* RECORDS FOR THE TASK *

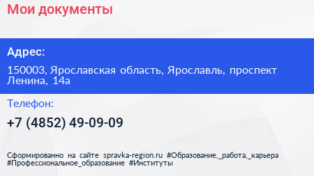 Мои документы по адресу 150003, Ярославская область, Ярославль, проспект Ленина, 14а в дальнейшем Организация, размещена в следующих категориях:
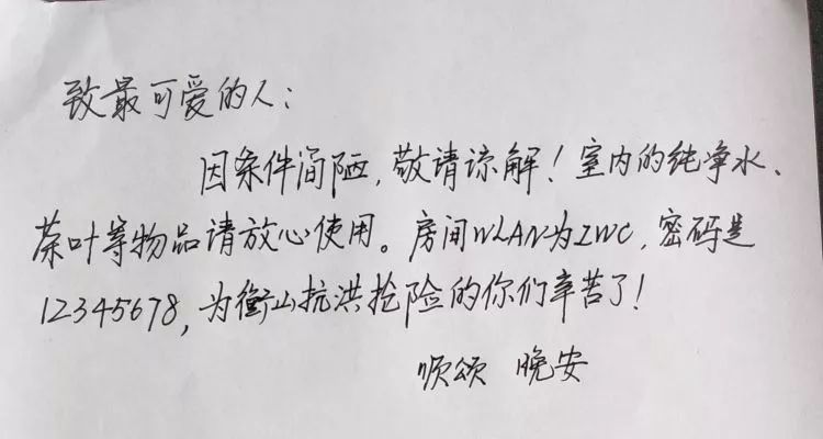 室内的纯净水、茶叶等物品请放心使用。房间WLAN为ZWC,密码是12345678,为衡山抗洪抢险的你们辛苦了!
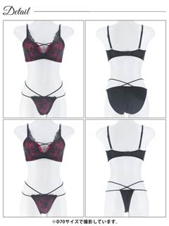 【3点セット】【GHIサイズ】ディープクイーンローズ育乳脇高ブラジャー&バック透けフルバック&Tバックショーツ
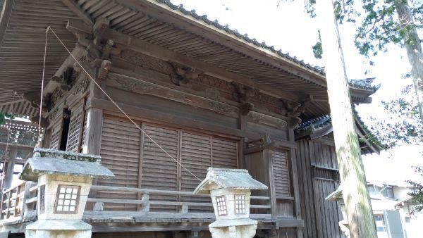 梁間5間・桁行13間?、二重、入母屋(妻入)、正面向拝3間 軒唐破風付、左右両側面向拝1間、桟瓦葺。
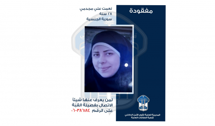 صــدر عــــن المديريّـة العـامّـة لقــوى الأمــن الـدّاخلي ـ شعبة العـلاقـات العـامّـة البــــــلاغ التّالــــــي: "تُعمّم المديرية العامة لقوى الأمن الداخلي بناءً على إشارة القضاء المختص صورة المفقودة نعمت علي مجدمي (مواليد عام 1996، سوريّة)، التي غادرت منزلها الزوجي الكائن في طرابلس – محلّة القبّة، حوالى الساعة 05،00 من تاريخ 10/03/2024، ولم تَعُد لغاية تاريخه.
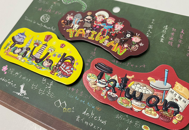 紙卡也精心設計為黑板樣式,就像是可以將你的台灣旅遊回憶全部寫在黑板上! 半立體的磁鐵設計,讓磁鐵更顯質感。
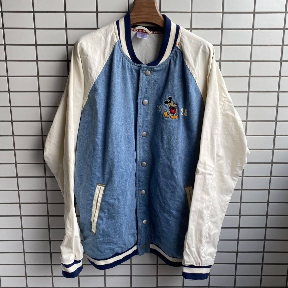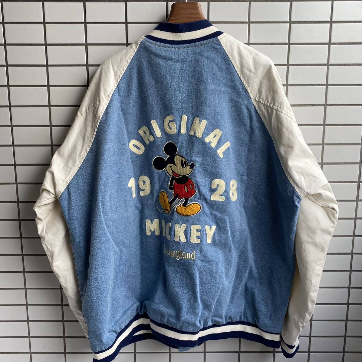 Disney ディズニー original Mickey 1928 ミッキー スタジャン XXL デニム生地 刺繍 ブルゾン ディズニーランド  オーバーサイズ
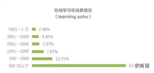 目前来说,在线教育用户付费习惯还在培养 中,虽然市场基础已经存在,但是消费习惯还远远没有形成。2014年搜狐教育消费者调查发现,6成多(63%)的网友每年用于在线学习的花费是500元以 下,而花费1000元以上的网友仅占2成。以目前趋势来看,形成有规模的在线教育消费市场还需时日。

* YOUR OBJECTIVE *
Go through the listing above and write it all out exactly, leaving out any picture.

* SOLUTION TO THIS EXERCISE *
 Мои документы по адресу 150003, Ярославская область, Ярославль, проспект Ленина, 14а в дальнейшем Организация, размещена в следующих категориях:
 室内的纯净水、茶叶等物品请放心使用。房间WLAN为ZWC,密码是12345678,为衡山抗洪抢险的你们辛苦了!
 【3点セット】【GHIサイズ】ディープクイーンローズ育乳脇高ブラジャー&バック透けフルバック&Tバックショーツ
 梁間5間・桁行13間?、二重、入母屋(妻入)、正面向拝3間 軒唐破風付、左右両側面向拝1間、桟瓦葺。
 صــدر عــــن المديريّـة العـامّـة لقــوى الأمــن الـدّاخلي ـ شعبة العـلاقـات العـامّـة البــــــلاغ التّالــــــي: "تُعمّم المديرية العامة لقوى الأمن الداخلي بناءً على إشارة القضاء المختص صورة المفقودة نعمت علي مجدمي (مواليد عام 1996، سوريّة)، التي غادرت منزلها الزوجي الكائن في طرابلس – محلّة القبّة، حوالى الساعة 05،00 من تاريخ 10/03/2024، ولم تَعُد لغاية تاريخه.
 紙卡也精心設計為黑板樣式,就像是可以將你的台灣旅遊回憶全部寫在黑板上! 半立體的磁鐵設計,讓磁鐵更顯質感。
 Disney ディズニー original Mickey 1928 ミッキー スタジャン XXL デニム生地 刺繍 ブルゾン ディズニーランド  オーバーサイズ
 目前来说,在线教育用户付费习惯还在培养 中,虽然市场基础已经存在,但是消费习惯还远远没有形成。2014年搜狐教育消费者调查发现,6成多(63%)的网友每年用于在线学习的花费是500元以 下,而花费1000元以上的网友仅占2成。以目前趋势来看,形成有规模的在线教育消费市场还需时日。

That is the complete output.